# THE PROBLEM:
Reproduce the full listing below unchanged, apart from the pictures.

# STORED DATA:
....
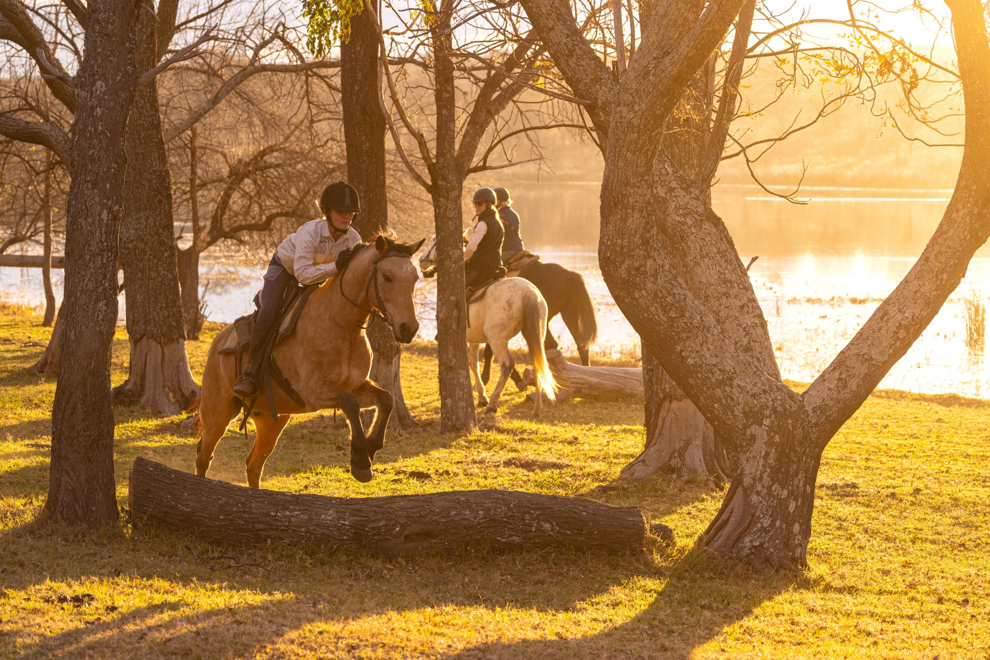1 to 2 hours in the saddle (if arrival time permits)You’ll be met at Johannesburg Airport by a representative of our ride partners in the morning, then enjoy a 2.5–3 hour transfer to your beautiful lakeside safari lodge. After a late lunch, you’ll meet your horse and saddle up for your very first South African safari ride – an exhilarating introduction to the Bushveld’s sweeping forests, grasslands and wetlands, all set on firm, sandy footing that’s perfect for riding.
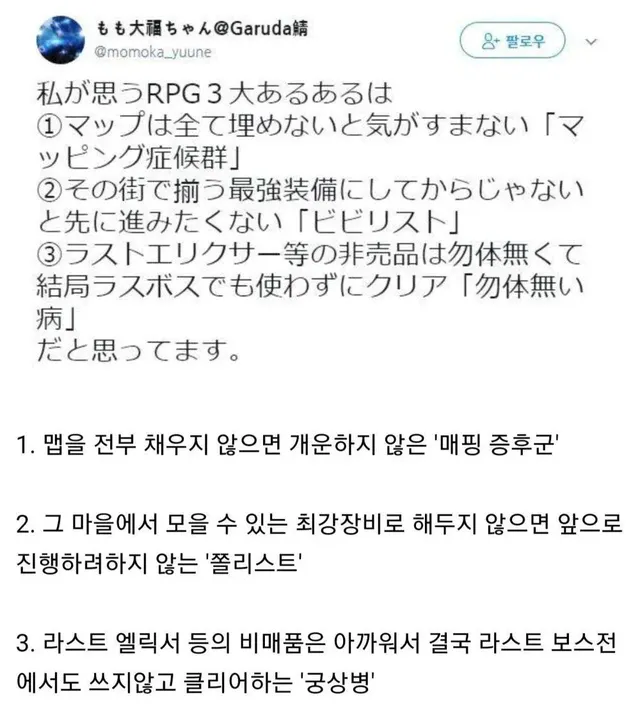 1번의 변형으로 마을의 모든 NPC와 대화해봐야 하는 투머치토커병도 있다
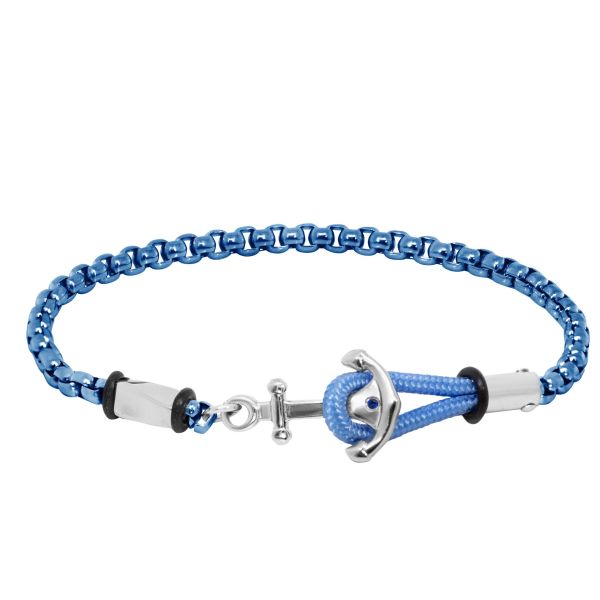 Bracciale della collezione ‘Steel collection’ di Chimiama Gioielli realizzato in acciaio ed impreziosito da trattamento pvd di colore blu e da un motivo centrale a forma di ancora. Lunghezza 20 cm
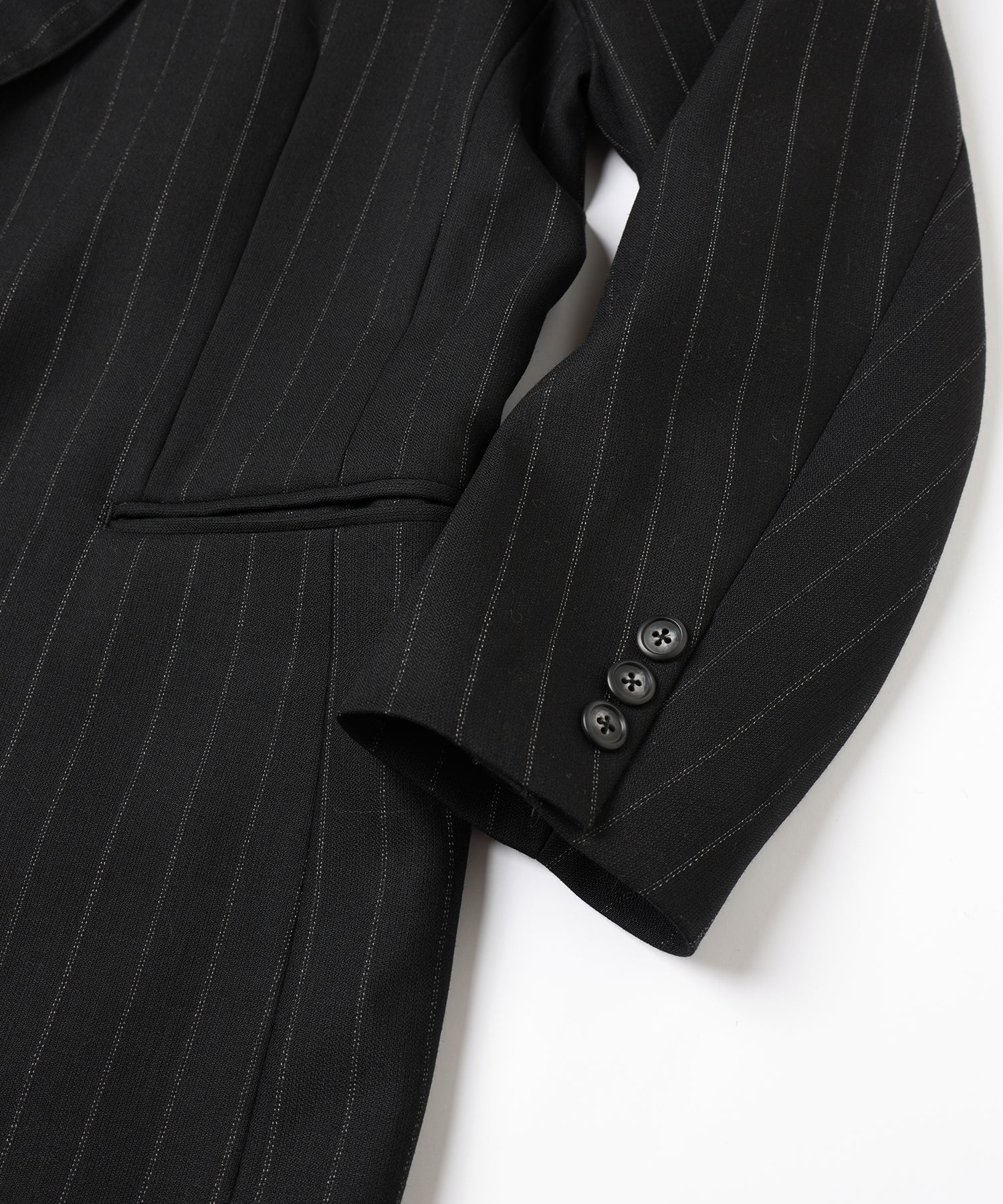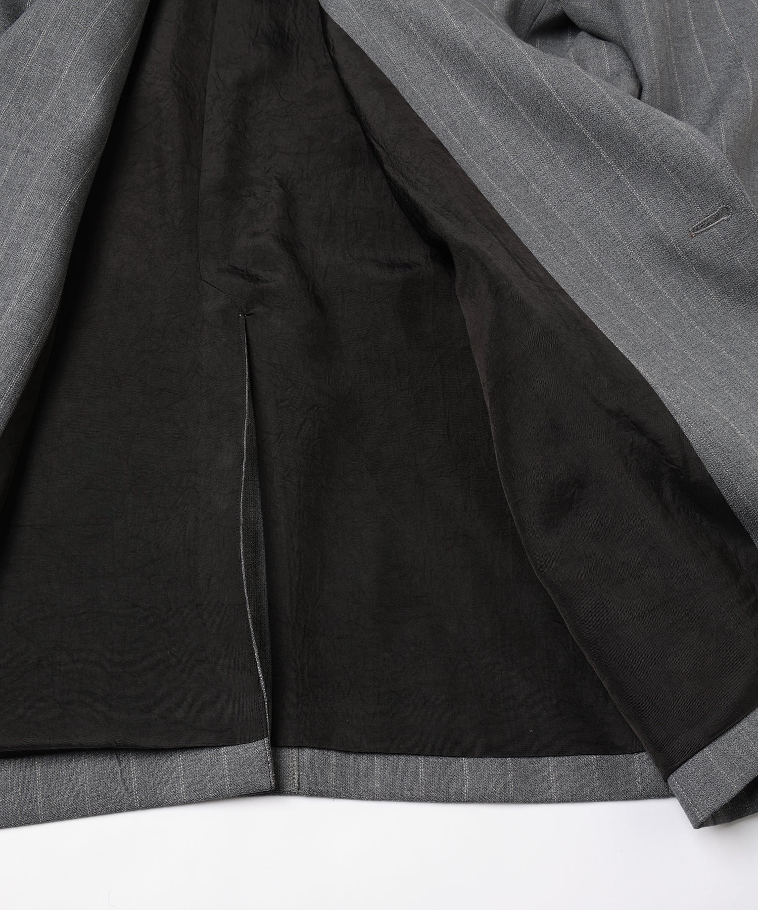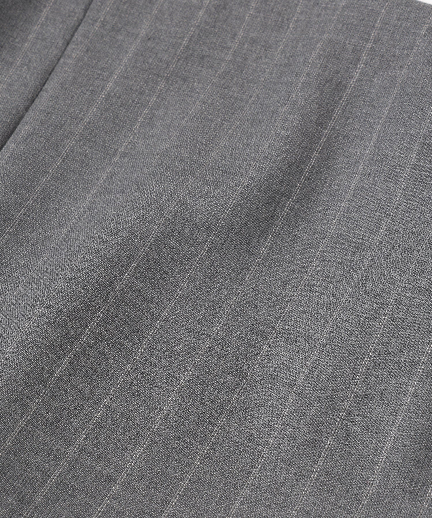 ウール主体のストライプ生地を使用することで、柔らかく落ち感のある上品な1着に仕上げました。
....
# WRITTEN RESPONSE:
1 to 2 hours in the saddle (if arrival time permits)You’ll be met at Johannesburg Airport by a representative of our ride partners in the morning, then enjoy a 2.5–3 hour transfer to your beautiful lakeside safari lodge. After a late lunch, you’ll meet your horse and saddle up for your very first South African safari ride – an exhilarating introduction to the Bushveld’s sweeping forests, grasslands and wetlands, all set on firm, sandy footing that’s perfect for riding.
 1번의 변형으로 마을의 모든 NPC와 대화해봐야 하는 투머치토커병도 있다
 Bracciale della collezione ‘Steel collection’ di Chimiama Gioielli realizzato in acciaio ed impreziosito da trattamento pvd di colore blu e da un motivo centrale a forma di ancora. Lunghezza 20 cm
 ウール主体のストライプ生地を使用することで、柔らかく落ち感のある上品な1着に仕上げました。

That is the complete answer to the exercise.